科学論文は、査読者同士のコミュニケーションのために書かれるものであって、他の人が完全に再現するために書かれているわけではない。この構造的な性質のせいで、著者は実装の細かい暗黙知(関係性の中でしか伝わらない知識、身体で覚えた感覚、その場にいないと共有されない集合的な知識)を日常的に省略してしまう。

実際、自動化された論文再現の研究では、この省略によって平均10.04%もの性能ギャップが生まれることが実証されている。「論文通りにやったのに再現できない」という経験がある人にとっては、身に覚えのある数字ではないだろうか。

アカデミアの雇用構造そのものが、継承を難しくしている

企業の属人化と違い、研究室にはアカデミア特有の脆弱性もある。ポスドクや学生の在籍期間は短く、人材の流動性が高い。技術やノウハウがようやく身についた頃に、その人は次のポジションへ移っていく。

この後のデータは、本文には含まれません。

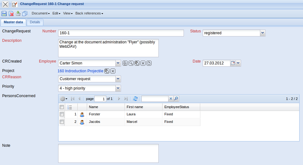 - Change-Type: This field designates the type of the project change (general reason, request from the customer, errors, IT issues, market changes, …). The change-type can be defined and changed in the collections (CRReason).
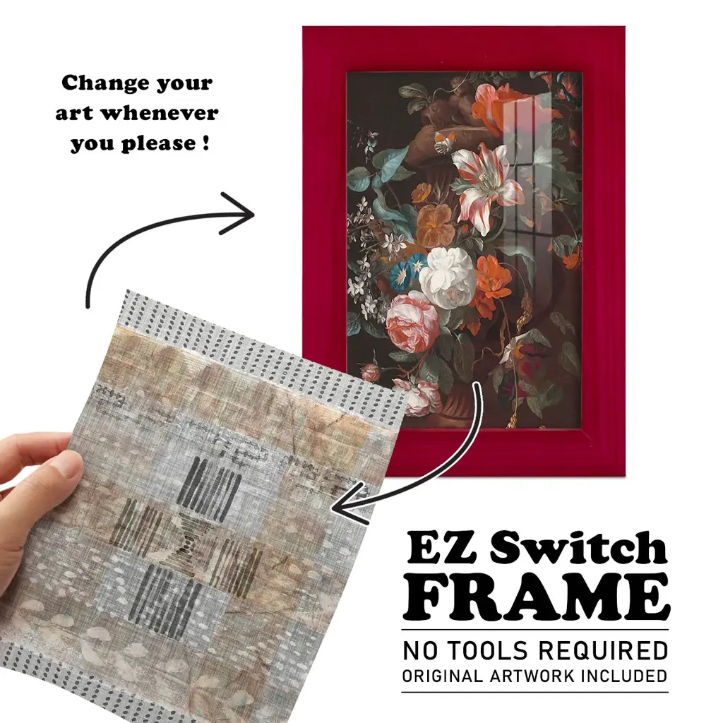 Traders Tapestry II -EZ SWITCH Framed Print w/glass-Cherry Red A delightful, framed print. Featuring a solid wood frame with real wood glass. This premium print is giclee quality. In addition, every frame features a removable back and table top stand. This allows you to change your art in the future or to just stand the art on a table for a new look. We are sure you'll enjoy our new series of EZ SWITCH Framed Art. Solid Wood Frame Real Glass Removable / Replaceable Art Built in Tabletop Stand Sizes range from 4x6 up to 12x15 - buy just one or pair them up as sets as you see fit.

研究・資金獲得・教育・管理に忙殺されるPI(研究室主宰者)自身も、現場での指導に十分な時間を割けないことが多い。技術継承を専門に担う常勤ポジションを設けるべきだという制度的な提案もあるが、一般化されるにはまだ時間がかかりそうだ。

AIによる新しいアプローチも生まれている

こうした状況に対して、AIを使った新しいアプローチも実証段階に入っている。海外の研究機関では、実験室の様子を撮影した動画をAIエージェントが解析し、手順のミスを検出したり、動画から出版可能なプロトコルを自動生成したりする取り組みが報告されている。手順ミスの検出率は74%、プロトコル生成は手動作成に比べて10倍速いという結果も出ている。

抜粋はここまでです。